Ooo baba, the heat is now roasting.
It must be like this all the time, no, over there?'
I found this quite haunting - a Leicester woman who apparently longs to connect to that lost 'homeland' by re-creating its tropical heat in an English sauna. It's a typical throwaway comment from a second or third-generation child of immigrants whose identity is still referenced by a faraway, never-visited place. Instead, place names and foodstuffs locate her cultural belonging: 'Eat ghar ka khana ... good for baby'.
As the 'Auntie' bustles about, ready to return 'to some cool English weather', I was left wondering about the implied relationship of the younger woman who sits quietly, towel-wrapped, in the background of the conversation. This poet's persona is somewhat reluctant ('Before I can back out') when she's snared in the intimate space of the sauna but something passes between them that goes beyond family credentials. And now I liked that Sivakumaran has held herself back in the dialogue and left that space for the reader to sense out the subtlety of this exchange.

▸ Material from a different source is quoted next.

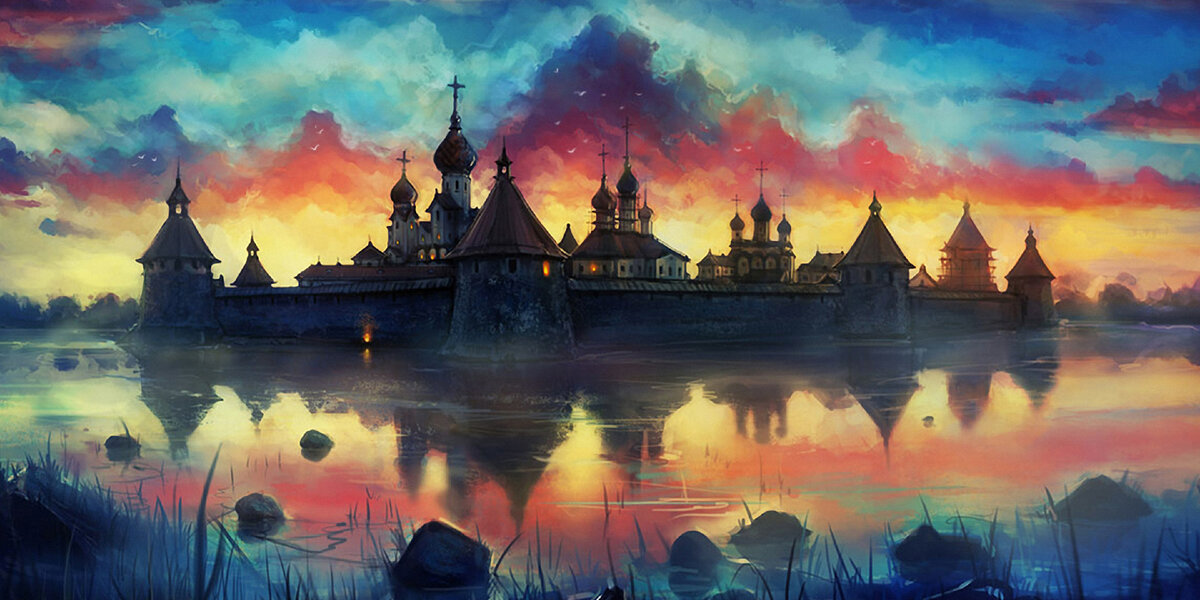 В ветлужских лесах есть озеро. Расположено оно в лесной чаще. Голубые воды озера лежат неподвижно и днем и ночью. Лишь изредка легкая зыбь пробегает по озеру. Бывают дни, когда до тихих берегов озера доносится протяжное пение и слышится далекий колокольный звон. Давным-давно, еще до пришествия татар, на месте озера стоял славный град Китеж. В центре города возвышались шесть глав церквей. Придя на Русь и завоевав многие земли наши, Батый услышал про славный Китеж-град и устремился к нему с ордами своими... Татары грозовой тучей обложили город и хотели взять его силой, но когда они прорвались к его стенам, то изумились. Жители города не только не построили никаких укреплений, но даже не собирались защищаться. До татар доносился лишь колокольный звон церквей. Жители молились о спасении, так как от татар нечего было ждать чего-либо доброго. И как только татары ринулись к городу, из-под земли вдруг забили многоводные источники, и татары в страхе отступили. А вода все бежала и бежала... Когд

Equally engaging are The Butcher on Queen's Road ('A good strong cleaver like this ... chops clean'), The Neighbour reclaiming her cat ( 'a bit of a stray myself') and two others poems that feature local writers reminiscing and aspiring to be part of a 'centre of the arts for the New England'. While you're at it, take a look on the Gallery page at Sivakumaran's powerful poem Citizens which particularly resonates after recent events in India. I cannot get over the image of a man in the street cupping his penis 'as if holding a chick'.